* _WORK INSTRUCTION_
From the first line to the last, transcribe the data exactly and skip the pictures.

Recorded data

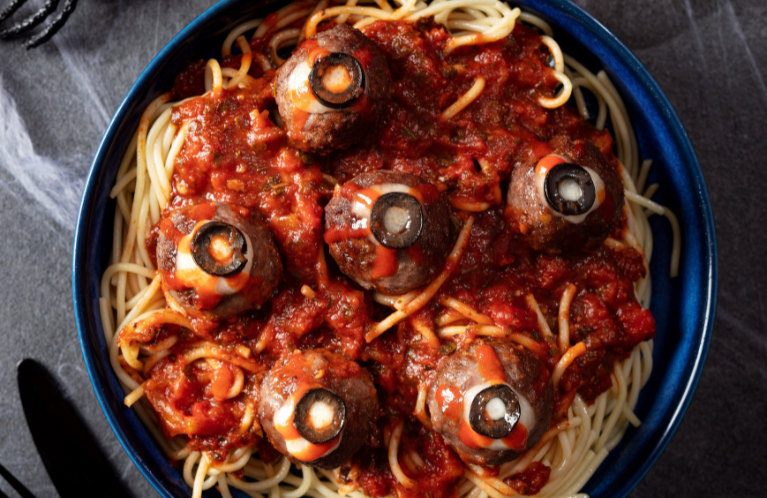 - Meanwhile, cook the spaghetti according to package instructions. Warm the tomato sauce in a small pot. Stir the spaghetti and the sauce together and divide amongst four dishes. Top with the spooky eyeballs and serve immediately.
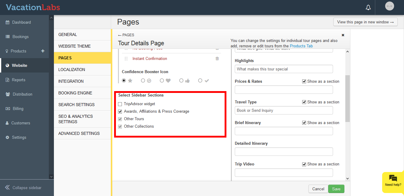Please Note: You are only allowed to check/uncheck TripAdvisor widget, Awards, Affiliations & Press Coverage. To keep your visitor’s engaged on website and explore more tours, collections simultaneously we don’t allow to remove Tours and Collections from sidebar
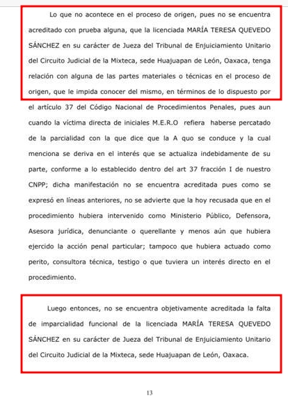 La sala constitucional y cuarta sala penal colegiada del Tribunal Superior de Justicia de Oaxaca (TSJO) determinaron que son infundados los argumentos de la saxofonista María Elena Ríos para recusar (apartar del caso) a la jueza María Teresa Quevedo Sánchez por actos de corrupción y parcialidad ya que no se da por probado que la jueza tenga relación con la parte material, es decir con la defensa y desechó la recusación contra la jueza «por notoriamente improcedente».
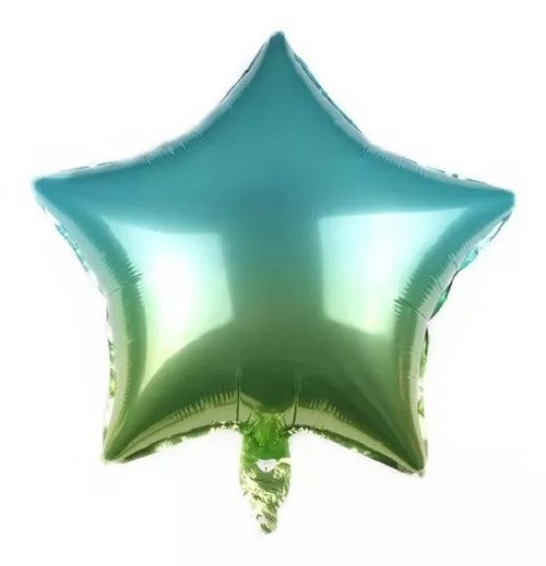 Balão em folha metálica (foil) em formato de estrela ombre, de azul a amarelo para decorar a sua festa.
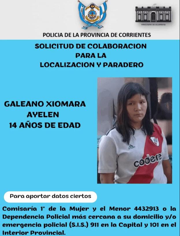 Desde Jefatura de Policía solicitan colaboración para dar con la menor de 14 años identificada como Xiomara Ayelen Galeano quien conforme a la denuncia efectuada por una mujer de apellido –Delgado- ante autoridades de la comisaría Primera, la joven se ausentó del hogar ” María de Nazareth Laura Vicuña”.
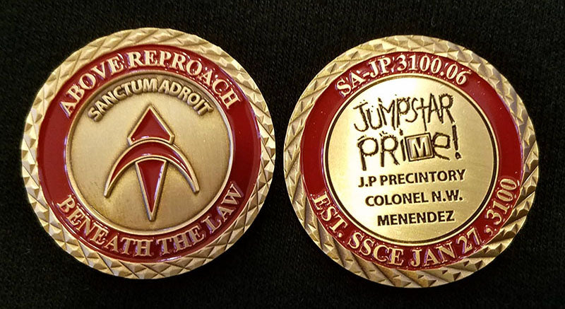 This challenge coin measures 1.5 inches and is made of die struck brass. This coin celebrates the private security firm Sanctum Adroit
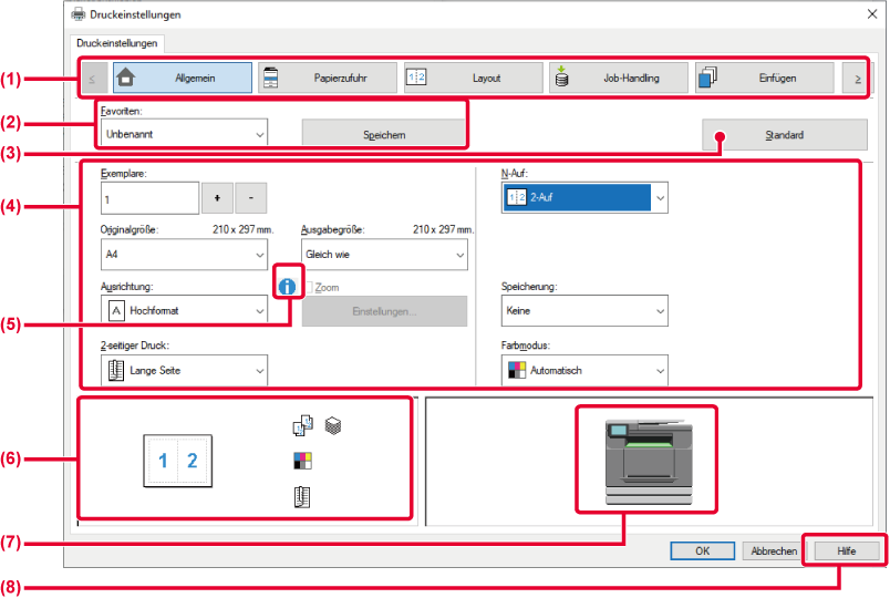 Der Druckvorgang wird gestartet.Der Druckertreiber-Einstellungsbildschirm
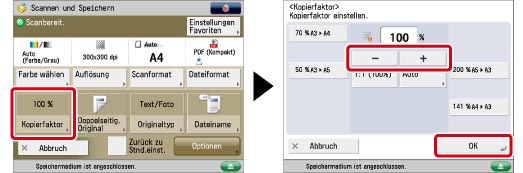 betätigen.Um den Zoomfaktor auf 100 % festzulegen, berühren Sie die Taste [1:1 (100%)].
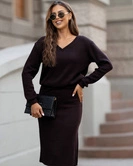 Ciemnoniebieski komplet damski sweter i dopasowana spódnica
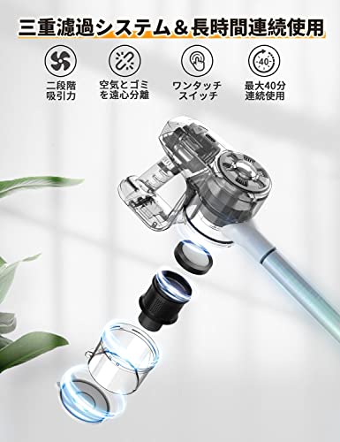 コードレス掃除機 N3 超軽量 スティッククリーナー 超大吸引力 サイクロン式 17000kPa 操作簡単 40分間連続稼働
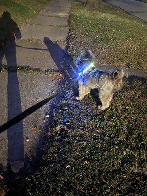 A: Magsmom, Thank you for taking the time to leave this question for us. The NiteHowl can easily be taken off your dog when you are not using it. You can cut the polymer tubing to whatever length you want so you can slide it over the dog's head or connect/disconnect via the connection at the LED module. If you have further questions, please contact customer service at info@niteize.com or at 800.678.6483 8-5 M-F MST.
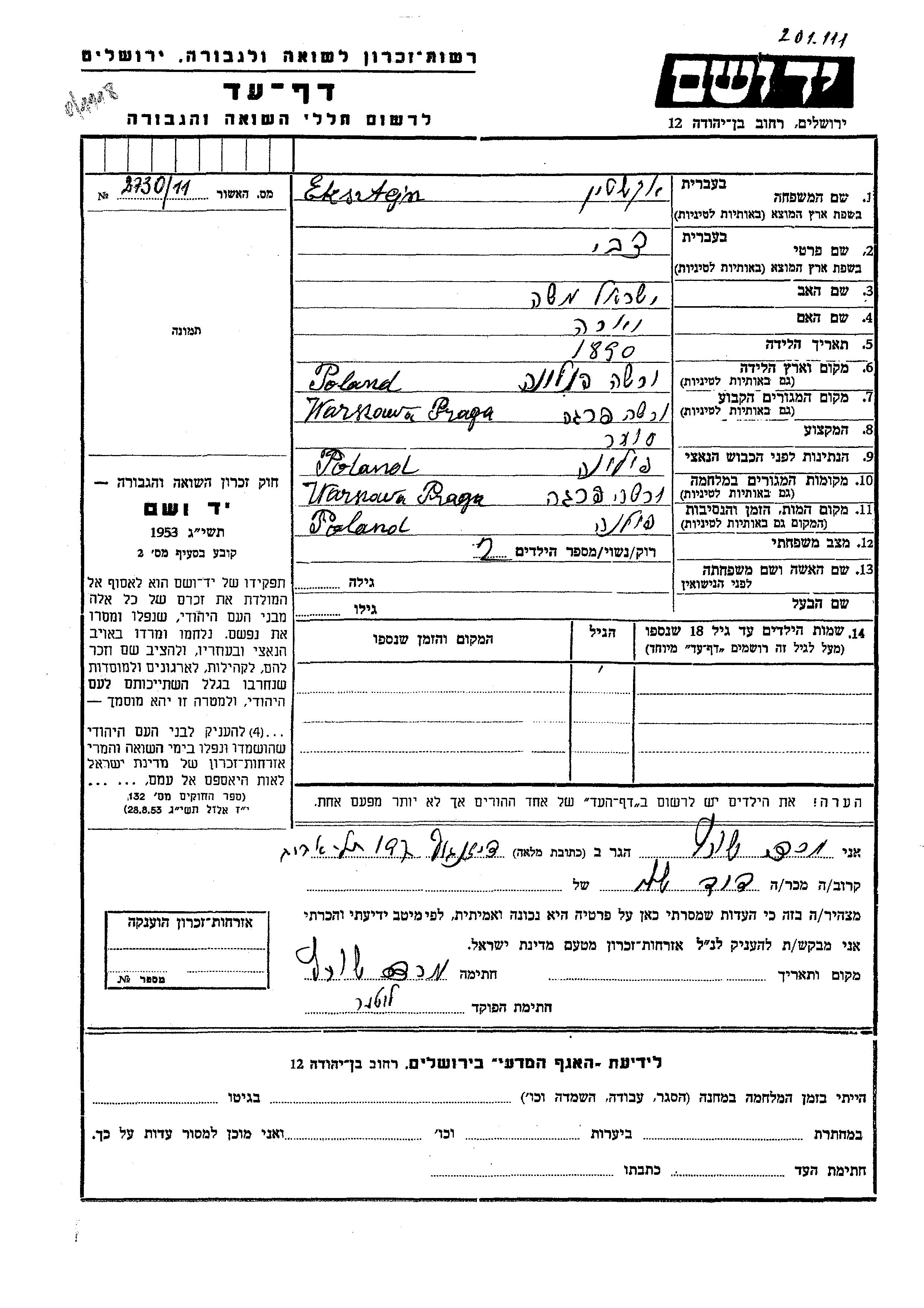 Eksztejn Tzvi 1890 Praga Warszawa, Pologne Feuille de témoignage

* _SOLUTION TO THIS PROBLEM_
 - Meanwhile, cook the spaghetti according to package instructions. Warm the tomato sauce in a small pot. Stir the spaghetti and the sauce together and divide amongst four dishes. Top with the spooky eyeballs and serve immediately.
Please Note: You are only allowed to check/uncheck TripAdvisor widget, Awards, Affiliations & Press Coverage. To keep your visitor’s engaged on website and explore more tours, collections simultaneously we don’t allow to remove Tours and Collections from sidebar
 La sala constitucional y cuarta sala penal colegiada del Tribunal Superior de Justicia de Oaxaca (TSJO) determinaron que son infundados los argumentos de la saxofonista María Elena Ríos para recusar (apartar del caso) a la jueza María Teresa Quevedo Sánchez por actos de corrupción y parcialidad ya que no se da por probado que la jueza tenga relación con la parte material, es decir con la defensa y desechó la recusación contra la jueza «por notoriamente improcedente».
 Balão em folha metálica (foil) em formato de estrela ombre, de azul a amarelo para decorar a sua festa.
 Desde Jefatura de Policía solicitan colaboración para dar con la menor de 14 años identificada como Xiomara Ayelen Galeano quien conforme a la denuncia efectuada por una mujer de apellido –Delgado- ante autoridades de la comisaría Primera, la joven se ausentó del hogar ” María de Nazareth Laura Vicuña”.
 This challenge coin measures 1.5 inches and is made of die struck brass. This coin celebrates the private security firm Sanctum Adroit
 Der Druckvorgang wird gestartet.Der Druckertreiber-Einstellungsbildschirm
 betätigen.Um den Zoomfaktor auf 100 % festzulegen, berühren Sie die Taste [1:1 (100%)].
 Ciemnoniebieski komplet damski sweter i dopasowana spódnica
 コードレス掃除機 N3 超軽量 スティッククリーナー 超大吸引力 サイクロン式 17000kPa 操作簡単 40分間連続稼働
 A: Magsmom, Thank you for taking the time to leave this question for us. The NiteHowl can easily be taken off your dog when you are not using it. You can cut the polymer tubing to whatever length you want so you can slide it over the dog's head or connect/disconnect via the connection at the LED module. If you have further questions, please contact customer service at info@niteize.com or at 800.678.6483 8-5 M-F MST.
 Eksztejn Tzvi 1890 Praga Warszawa, Pologne Feuille de témoignage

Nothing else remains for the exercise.